-- INFORMATION SHOWN follows --
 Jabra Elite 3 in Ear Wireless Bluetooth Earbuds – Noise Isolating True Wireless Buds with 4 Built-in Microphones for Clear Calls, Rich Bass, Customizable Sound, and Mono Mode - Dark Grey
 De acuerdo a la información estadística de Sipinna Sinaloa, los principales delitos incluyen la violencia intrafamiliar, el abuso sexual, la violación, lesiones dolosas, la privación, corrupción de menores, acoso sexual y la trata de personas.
-- INFORMATION SHOWN concluded --
-- INFORMATION SHOWN follows --
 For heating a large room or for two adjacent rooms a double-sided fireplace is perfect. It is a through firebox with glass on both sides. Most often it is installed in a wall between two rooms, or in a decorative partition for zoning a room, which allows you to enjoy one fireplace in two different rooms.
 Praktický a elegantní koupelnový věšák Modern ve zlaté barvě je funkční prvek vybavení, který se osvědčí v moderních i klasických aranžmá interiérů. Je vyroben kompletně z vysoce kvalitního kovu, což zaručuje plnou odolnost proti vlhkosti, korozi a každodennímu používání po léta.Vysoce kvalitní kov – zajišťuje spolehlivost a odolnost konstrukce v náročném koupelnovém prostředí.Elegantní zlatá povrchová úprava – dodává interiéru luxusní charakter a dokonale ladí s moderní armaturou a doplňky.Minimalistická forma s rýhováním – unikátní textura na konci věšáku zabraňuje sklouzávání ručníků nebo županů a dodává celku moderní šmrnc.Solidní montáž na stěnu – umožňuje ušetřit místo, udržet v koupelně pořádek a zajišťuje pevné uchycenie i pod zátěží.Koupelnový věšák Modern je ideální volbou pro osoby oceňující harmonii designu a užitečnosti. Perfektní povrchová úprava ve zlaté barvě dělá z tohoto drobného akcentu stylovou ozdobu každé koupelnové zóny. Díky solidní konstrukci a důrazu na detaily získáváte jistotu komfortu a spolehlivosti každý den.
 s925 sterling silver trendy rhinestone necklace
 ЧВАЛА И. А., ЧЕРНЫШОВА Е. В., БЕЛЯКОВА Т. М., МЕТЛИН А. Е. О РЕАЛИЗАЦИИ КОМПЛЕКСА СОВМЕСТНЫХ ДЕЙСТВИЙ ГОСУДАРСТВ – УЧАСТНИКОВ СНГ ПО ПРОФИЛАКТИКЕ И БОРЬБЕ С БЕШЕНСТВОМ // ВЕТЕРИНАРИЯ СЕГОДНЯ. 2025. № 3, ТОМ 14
-- INFORMATION SHOWN concluded --
» **WORK INSTRUCTION**
Using the data above, reproduce exactly the lines between those holding "Praktický a elegantní" and "ЧВАЛА И. А., ЧЕРНЫШОВА", inclusive, and no others.

» **EXERCISE OUTPUT**
 Praktický a elegantní koupelnový věšák Modern ve zlaté barvě je funkční prvek vybavení, který se osvědčí v moderních i klasických aranžmá interiérů. Je vyroben kompletně z vysoce kvalitního kovu, což zaručuje plnou odolnost proti vlhkosti, korozi a každodennímu používání po léta.Vysoce kvalitní kov – zajišťuje spolehlivost a odolnost konstrukce v náročném koupelnovém prostředí.Elegantní zlatá povrchová úprava – dodává interiéru luxusní charakter a dokonale ladí s moderní armaturou a doplňky.Minimalistická forma s rýhováním – unikátní textura na konci věšáku zabraňuje sklouzávání ručníků nebo županů a dodává celku moderní šmrnc.Solidní montáž na stěnu – umožňuje ušetřit místo, udržet v koupelně pořádek a zajišťuje pevné uchycenie i pod zátěží.Koupelnový věšák Modern je ideální volbou pro osoby oceňující harmonii designu a užitečnosti. Perfektní povrchová úprava ve zlaté barvě dělá z tohoto drobného akcentu stylovou ozdobu každé koupelnové zóny. Díky solidní konstrukci a důrazu na detaily získáváte jistotu komfortu a spolehlivosti každý den.
 s925 sterling silver trendy rhinestone necklace
 ЧВАЛА И. А., ЧЕРНЫШОВА Е. В., БЕЛЯКОВА Т. М., МЕТЛИН А. Е. О РЕАЛИЗАЦИИ КОМПЛЕКСА СОВМЕСТНЫХ ДЕЙСТВИЙ ГОСУДАРСТВ – УЧАСТНИКОВ СНГ ПО ПРОФИЛАКТИКЕ И БОРЬБЕ С БЕШЕНСТВОМ // ВЕТЕРИНАРИЯ СЕГОДНЯ. 2025. № 3, ТОМ 14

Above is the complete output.